Karthikeyan Pasupathy, Nicholas W. Suek, John L. Lyons, Justin Ching, Aaron Jones, Qi Lu, Monica H. Lamm, Pu Chun Ke
Laboratory of Single-
Molecule Biophysics and Polymer Physics, Clemson University,
Clemson, SC 29634, USA; Tel: 864-656-0558; Fax: 864-656-0805; E-mail:
firstname.lastname@example.org; the Department of Chemical and Biological Engineering,
Iowa State University, Ames, IA 50011, USA.

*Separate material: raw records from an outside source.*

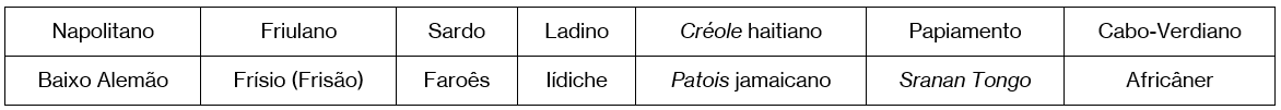 Observação: se considerarmos que alguns desses idiomas se encontram em decadência, sufocados pelas línguas majoritárias de seus países, teremos, na verdade, sete idiomas românicos (português, galego, espanhol, catalão, francês, italiano, romeno) e sete germânicos (inglês, holandês, alemão, dinamarquês, sueco, norueguês e islandês).
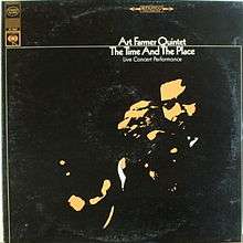 The Time and the Place is an album by Art Farmer's Quintet recorded in 1967 and originally released on the Columbia label.[1] Although originally promoted as a live album the tracks were actually recorded in the studio and audience overdubbed.[2] In 2007 Mosaic Records released the original live set from the original three-track recordings as the title The Time and the Place: The Lost Concert.
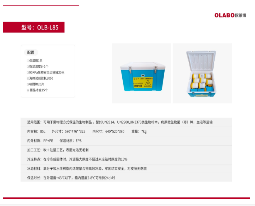 OLABO欧莱博生物安全运输箱OLB-L8585L,20个安全罐
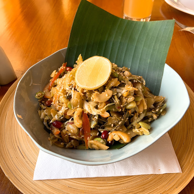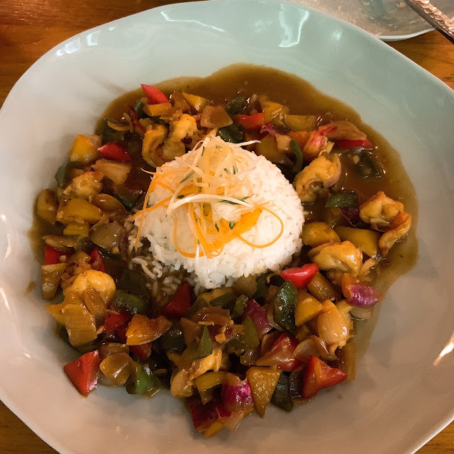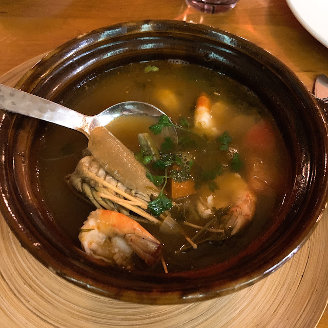 飯店餐廳雖然美但不是很好吃,我一餐吃了冬蔭功燉飯、一餐吃了炒蝦,冬蔭功燉飯普通,炒蝦有飛機餐的味道很可怕。與這個飯店高級的程度不成正比。這種地方也做不出像樣好菜,緬甸無美食果然名不虛傳。
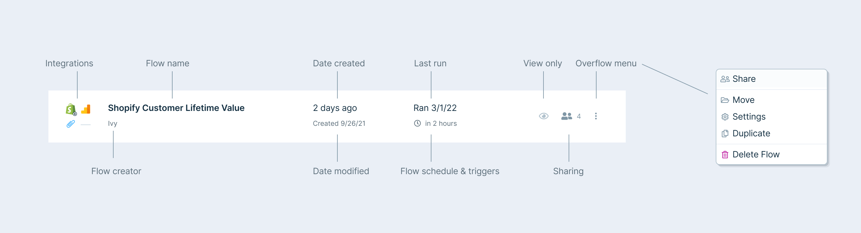 Use the search box at the top of any flows page to search for a specific flow. Your search will correspond to the page you start from, meaning:- If you search from “Home”, it will search across all flows you have access to
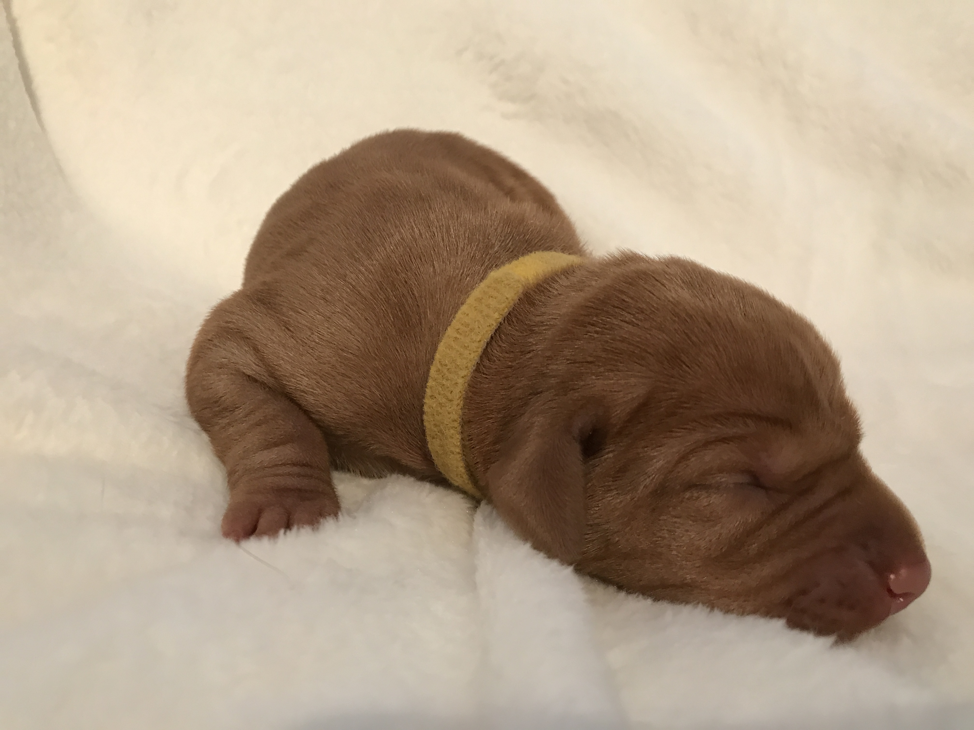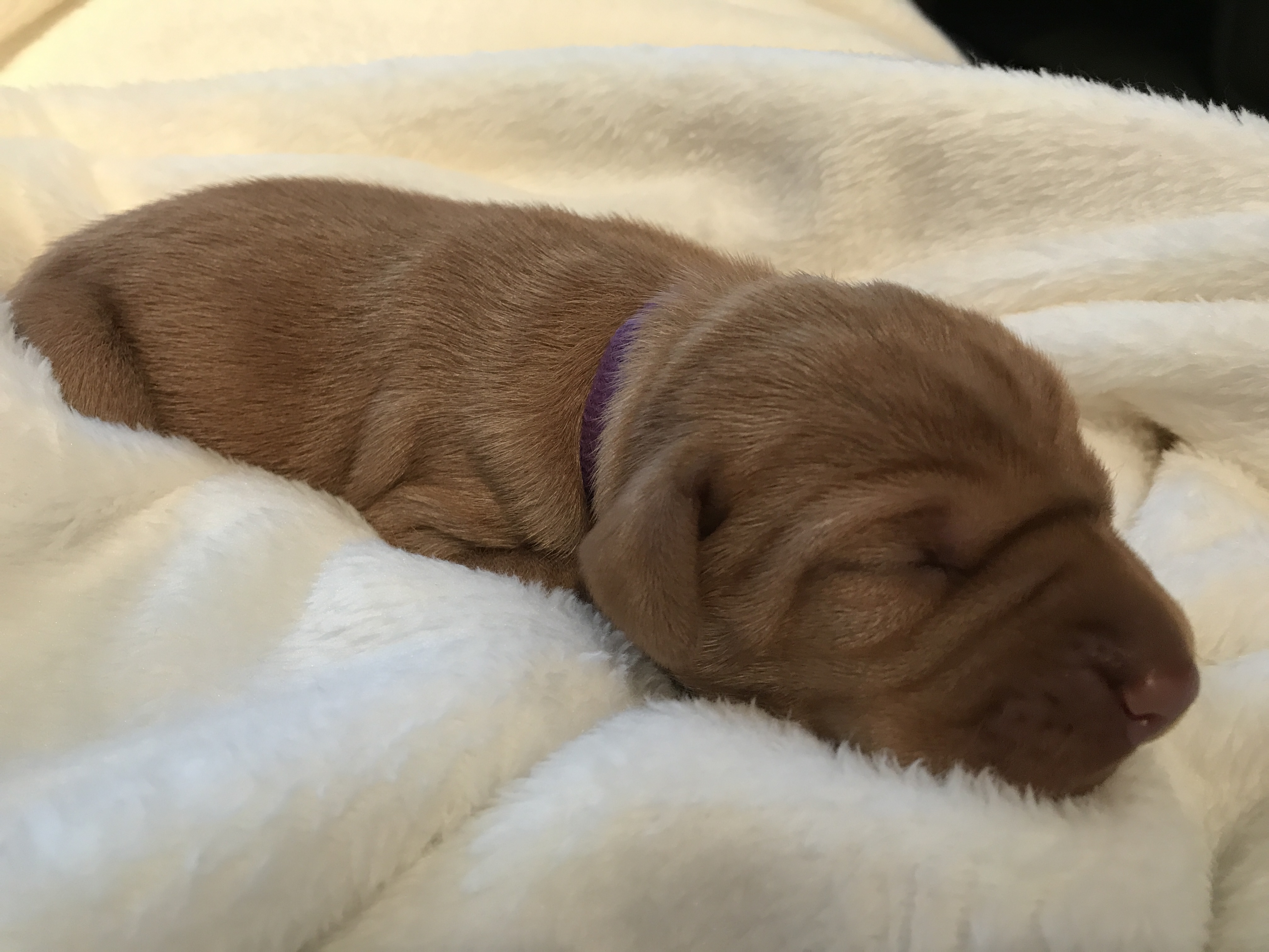 Welpe Nr. 5 "Misses lila" Uhrzeit: 18:25 Geburtsgewicht 440g semmelgelb |
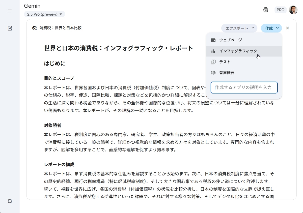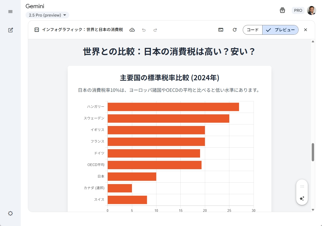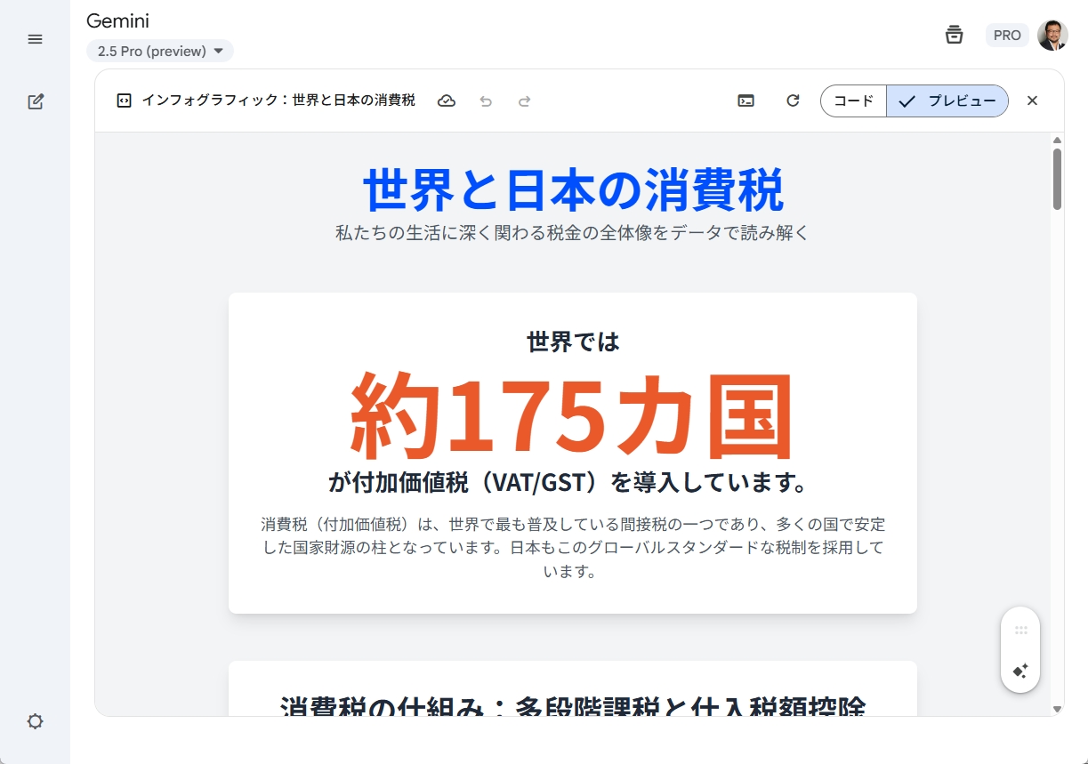 ディープリサーチ機能を使って徹底的に調査した内容からインフォグラフィックに仕立ててもらうこともできます。例えば、Geminiで「Deep Research」をオンにして、世界と日本の消費税について調べた結果をインフォグラフィックにするように指示してみました。

We report our single-molecule fluorescence microscopy and molecular dynamics simulation studies on the interaction
of poly(amidoamine) dendrimer and squalane hydrocarbon in aqueous solution. Our spectrophotometry measurements
indicate that this interaction increases with the pH of the solvent. Our simulations show that squalane resides
primarily on the perimeter of the dendrimer at low to neutral pH, but becomes encapsulated by the dendrimer at high pH.
Using single-molecule fluorescence microscopy, we have identified that the binding between PAMAM and squalane is
reversible. At a pH value of 8, the approaching, binding, and characteristic times of a single fluorescently-labeled dendrimer
to squalane are 0.5 s, 7.5 s, and 0.5 s, respectively. Both our spectrophotometry measurements and simulations
show that the interaction between PAMAM and squalane is stronger for lower generation dendrimers. This study facilitates
our understanding of using dendritic and hyperbranched polymers for gas hydrate prevention in the petroleum industry.